Em conversa com o ECO, o presidente da direção da Confederação Nacional Independente de Pais e Encarregados de Educação (CNIPE) também sublinha que os 22 mil pedidos são “um número muito abaixo das necessidades” (isto é, do universo de pais) e confessa-se “surpreso”. Rui Martins defende, à semelhança das referidas centrais sindicais, que o ideal seria acabar com os cortes salariais, já que deixam muitas famílias em dificuldades.

O representante dos pais afirma ainda que “não é nada fácil” gerir o teletrabalho e a atenção necessária aos filhos, cabendo a cada “família ser o mais criativa possível”, face às falhas de cobertura da medida em causa.

Já o presidente da Confederação Nacional das Associações de Pais (Confap) considera “natural” que o universo de pais abrangidos pelo apoio seja inferior ao da primavera de 2020, já que, nessa altura, havia mais trabalhadores, por exemplo, em lay-off e mais atividades confinadas. Jorge Ascensão remata deixando um aviso aos empregadores: É preciso que compreendam as dificuldades que enfrentam os trabalhadores em teletrabalho que têm filhos em casa.

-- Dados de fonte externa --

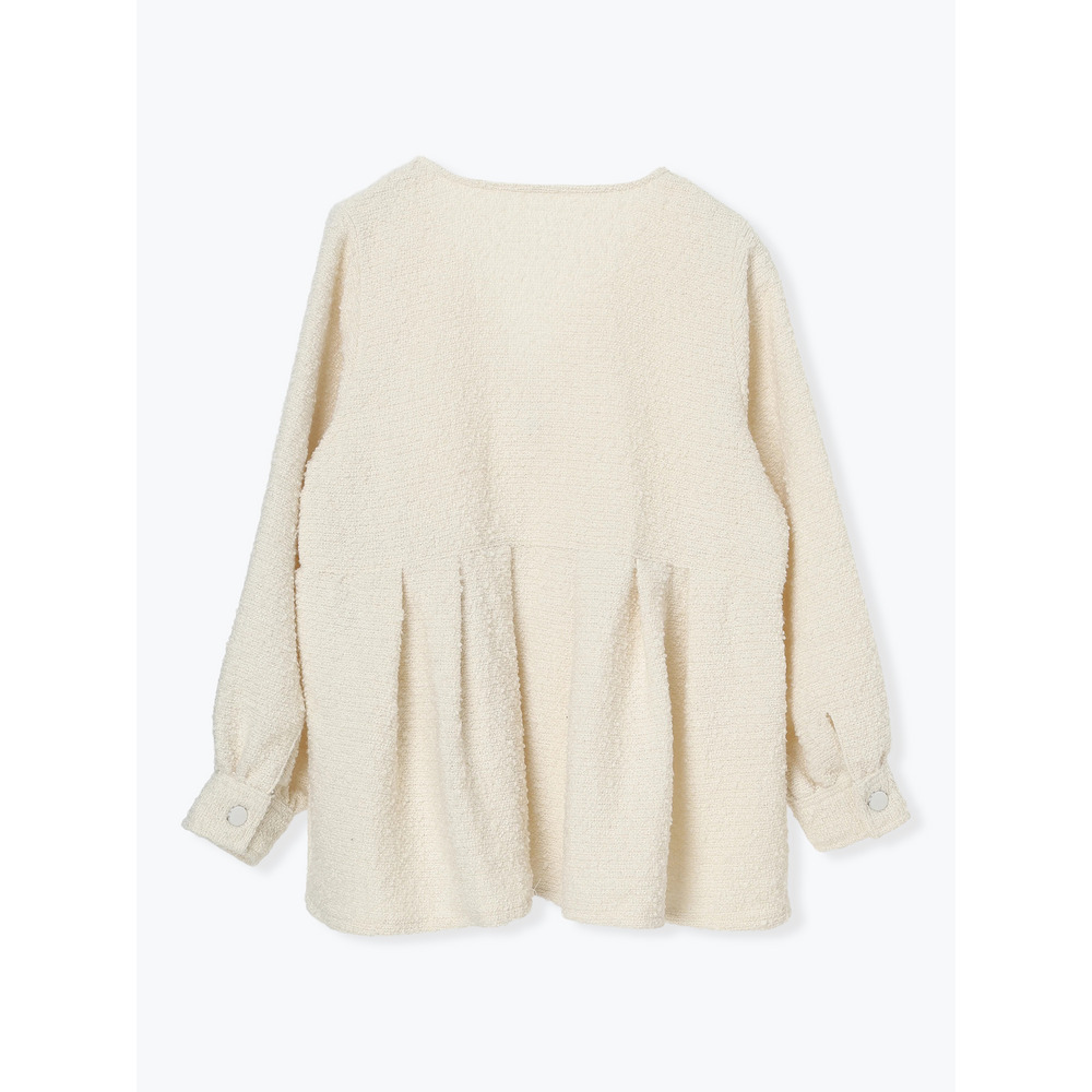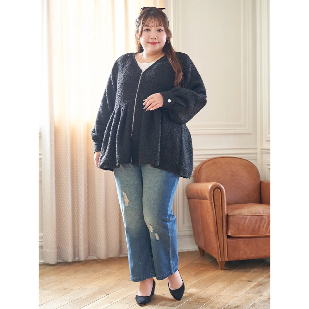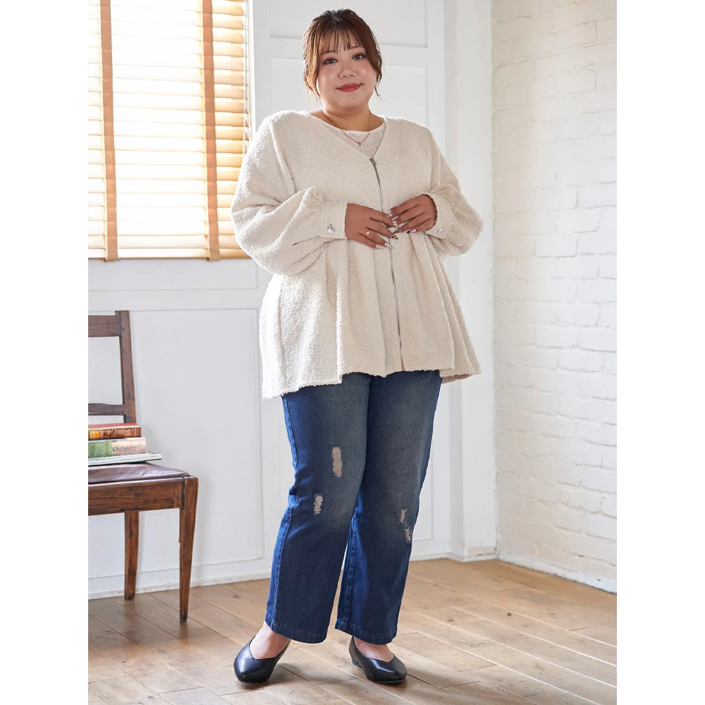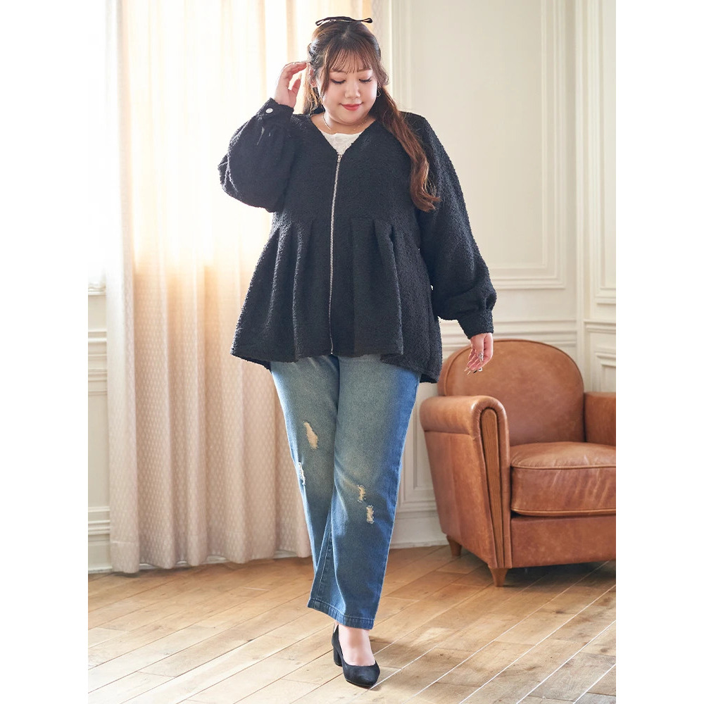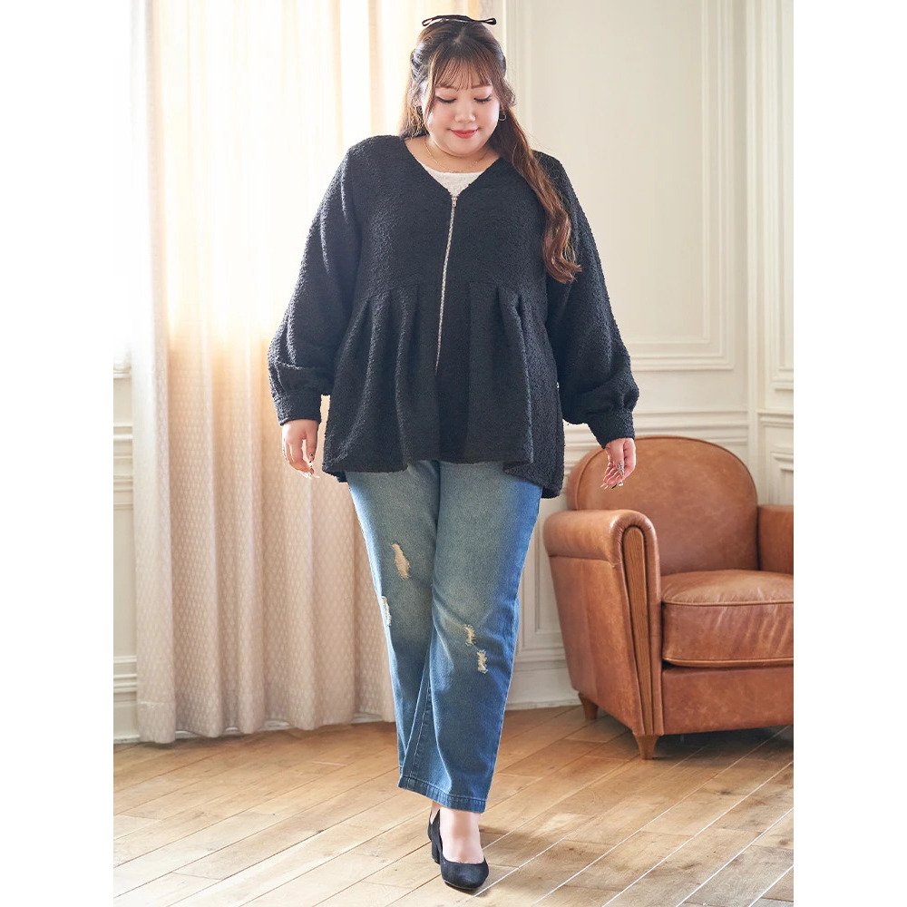 腰回りのハリ感やお腹をカバーするペプラムデザインで、気になる部分を可愛くカモフラ♪通勤着にもピッタリの 度よいキチンと感がうれしい!高見え必至なブークレ地仕立て。

O ECO questionou o Ministério do Trabalho sobre a sua disponibilidade para alterar as regras do apoio à família de modo a abarcar trabalhadores em teletrabalho e a fazer cair os cortes salariais, mas ainda não obteve resposta.

Os interessados no apoio à família devem entregar uma declaração com esse fim aos empregadores, que ficam responsáveis por preencher o formulário de acesso à medida na Segurança Social Direta. Cabe à empresa, além disso, adiantar os dois terços do salário-base aos pais em causa, recebendo depois da Segurança Social um apoio equivalente a metade desse valor.